Barrett’s hearing was designed to hide her true doctrinaire views, so radical they would shock the public, and representing a massive subterfuge that accomplishes a result that is highly engineered, with her cooperation, by the Federalist Society and their libertarian Republican supporters represented on the Judiciary Committee. She has built a career out of pointing to the Supreme Court’s numerous departures from Constitutional standards, and now wants to be appointed to the Court without explaining what those are. It is not surprising that Barrett’s distinction between her “academic’ writing and “judicial decision making” isolated almost all of her published legal analysis, as almost her entire career has been in academia.

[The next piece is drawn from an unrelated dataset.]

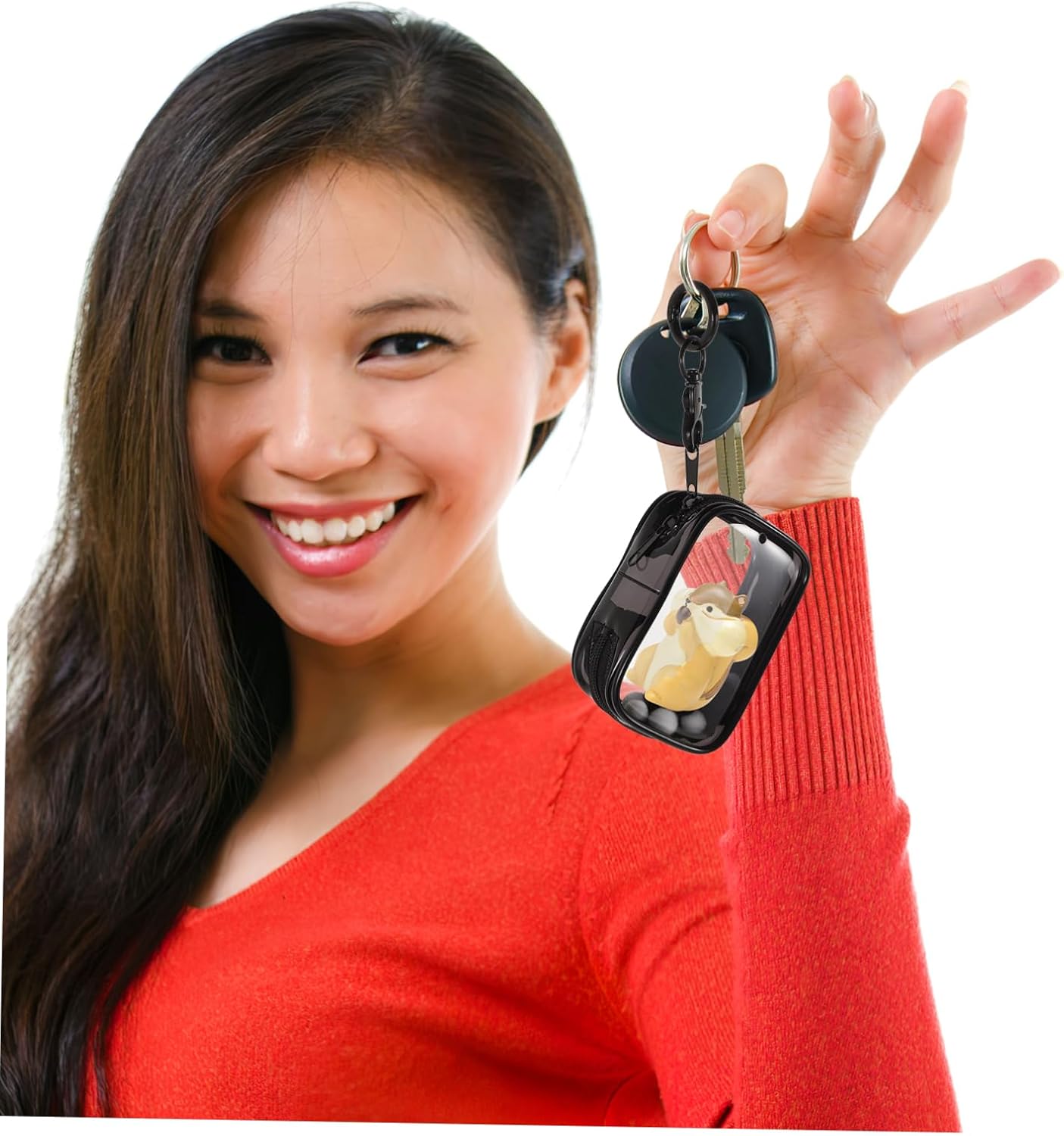 Mini borsa trasparente - Questa borsa da esposizione offre una protezione completa per le tue collezioni o bambole da macchie o danni, Mini borsa portachiavi trasparente con borsa trasparente per esposizione di figure - Design altamente trasparente per una piacevole esperienza di apprezzamento, pratica da usare, Piccola borsa trasparente con pompon pendente - Lavorazione meravigliosa, lucidatura liscia, molteplici funzioni di archiviazione, pratica e facile da usare, Mini borse portaoggetti portatili Borsa trasparente con cartoni animati - La borsa trasparente per figure presenta un design con cerniera liscia, facile da aprire e chiudere, comoda da trasportare ed è una borsa trasparente per esposizione di figure con portachiavi - protezione ed esporre le tue collezioni preferite, ideale per esporre action figure, modelli, gioielli, oggetti da collezione ecc., mini borsa trasparente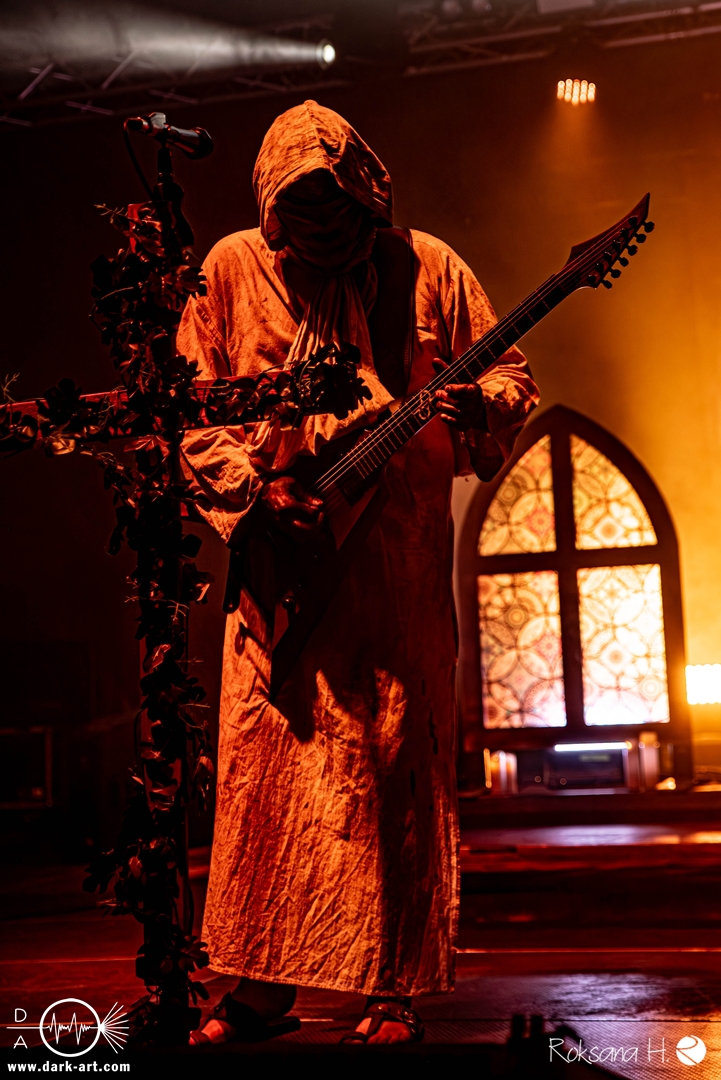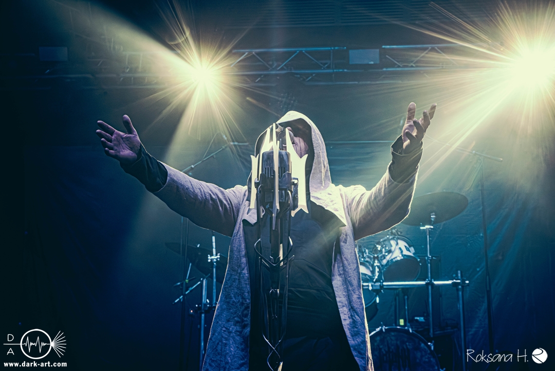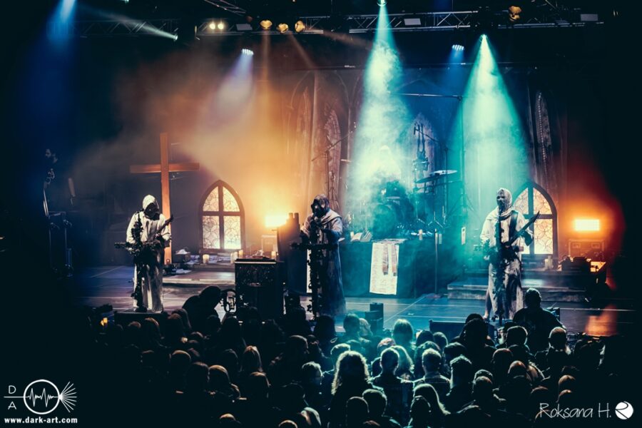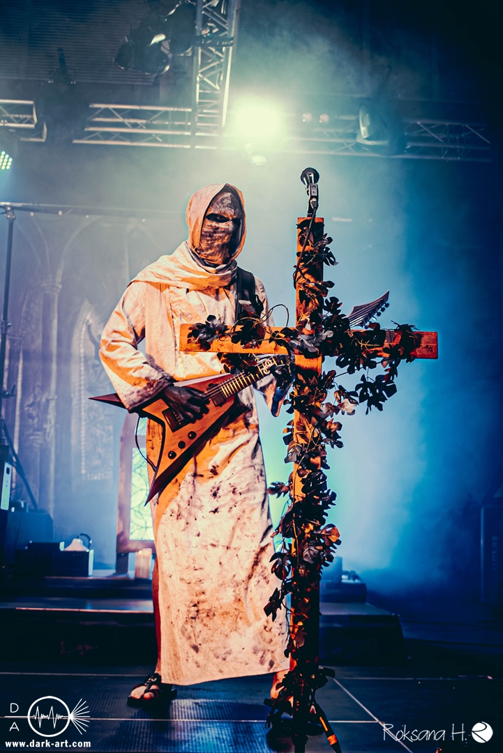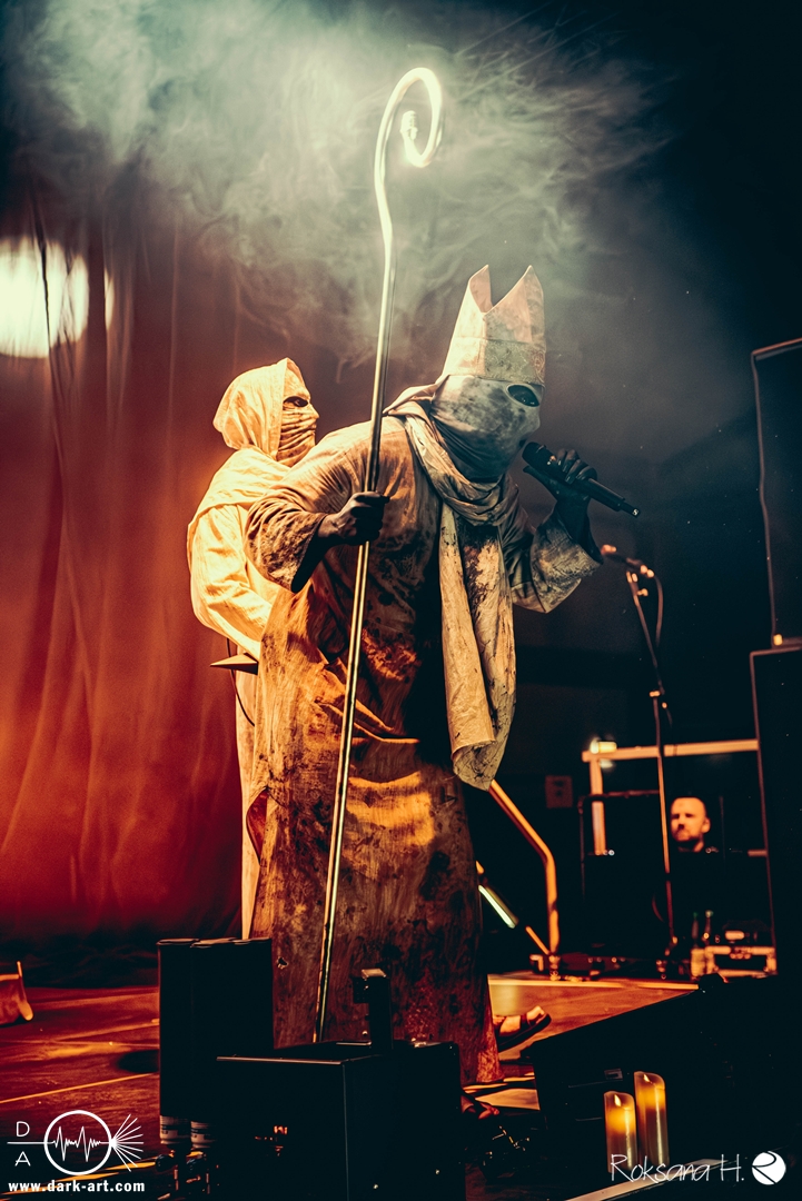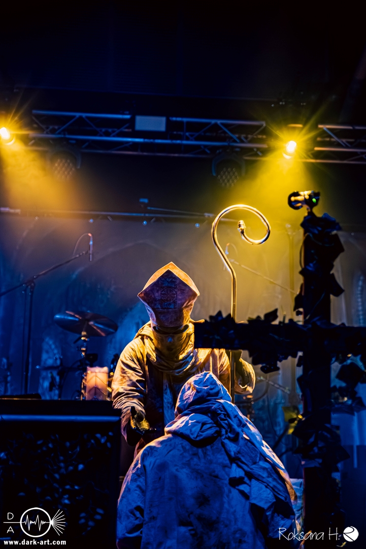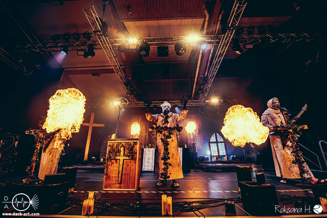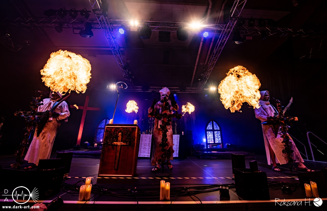 Ob es nun einen Gott gibt, oder, wie der Bandname nahelegt, eben nicht: rein visuell wurden bei Non Est Deus erstmal die ebenso großen wie christlichen Geschütze aufgefahren: Kathedralenbanner als Hintergrund, mehrere Kreuze und Deko nach Art kirchlicher Buntglas-Fenster auf der Bühne, weiße Gewänder (am Sänger samt Mitra und Hütestab), sowie diverse weitere Kirchen-Paraphernalia als Requisiten. Auch im Ablauf der Bühnenshow orientierte man sich an entsprechenden christlichen Ritualen: Es wurde etwa die Predigt aus einer Bibel imitiert und (vor Save Us) die Kommunion an einen Mit-Musiker verteilt, zwischendurch gab es mal ein wenig (angedeutete) Selbst-Geißelung (konsequenterweise bei Flagellation), und am Schluss Glockenläuten. Garniert wurde das Ganze mit auf Rhythmus und Inhalt der Songs abgestimmten Nebel- und Feuerstößen, sowie einer durchaus charismatischen und motivierten Führung durchs „Programm“ durch Noise, dessen teilweise zackige bis grenz-militärische Bewegungen nochmal vergegenwärtigten, dass man den Mann auch von Kanonenfieber kennt. Ähnlich wie dieses Projekt scheint auch Non Est Deus in den letzten Jahren einen ordentlichen Hype zu erfahren: Die Halle war voll und das Publikum begeistert genug, um auch ohne große Motivationsreden von der Bühne mitzugehen, mit zuklatschen, die Hände oder Fäuste zu recken, oder auch mal zu headbangen.

In fact she has very little actual legal experience, two years practicing law as a junior associate, and three more as an appellate judge. Barrett’s cavalier disregard for the public policy outcome of the long, slow, difficult, democratic, legislative process, as if it were all a giant roulette wheel simply awaiting another spin, as she applies her strict, mystically deciphered “Originalist” Constitutional interpretations, is naive. Barrett’s nomination warns of what Senator Mike Lee (R-UT) openly acknowledged in his concluding comments, “Judge Barrett will restore integrity to the Court, and overturn the leftist, judicial abuse that has twisted and desecrated our institutions for two generations”. The excessive restrictive boundaries around Barrett’s hearing responses provided a tactical benefit to the Republicans, allowing Barrett to avoid detailed responses about her views. But her extraordinary religious lifestyle suggest there is little credibility to her insistence that her personal views will not influence her judicial decisions. Her cloistered personal and professional experience, and her very limited judicial experience, make Barrett’s background both inappropriate and deficient given the weight of the position to which she is being elevated. While Antonin Scalia declared himself “not a nut” in his Originalist views, in the case of his acolyte, we await the outcome with foreboding.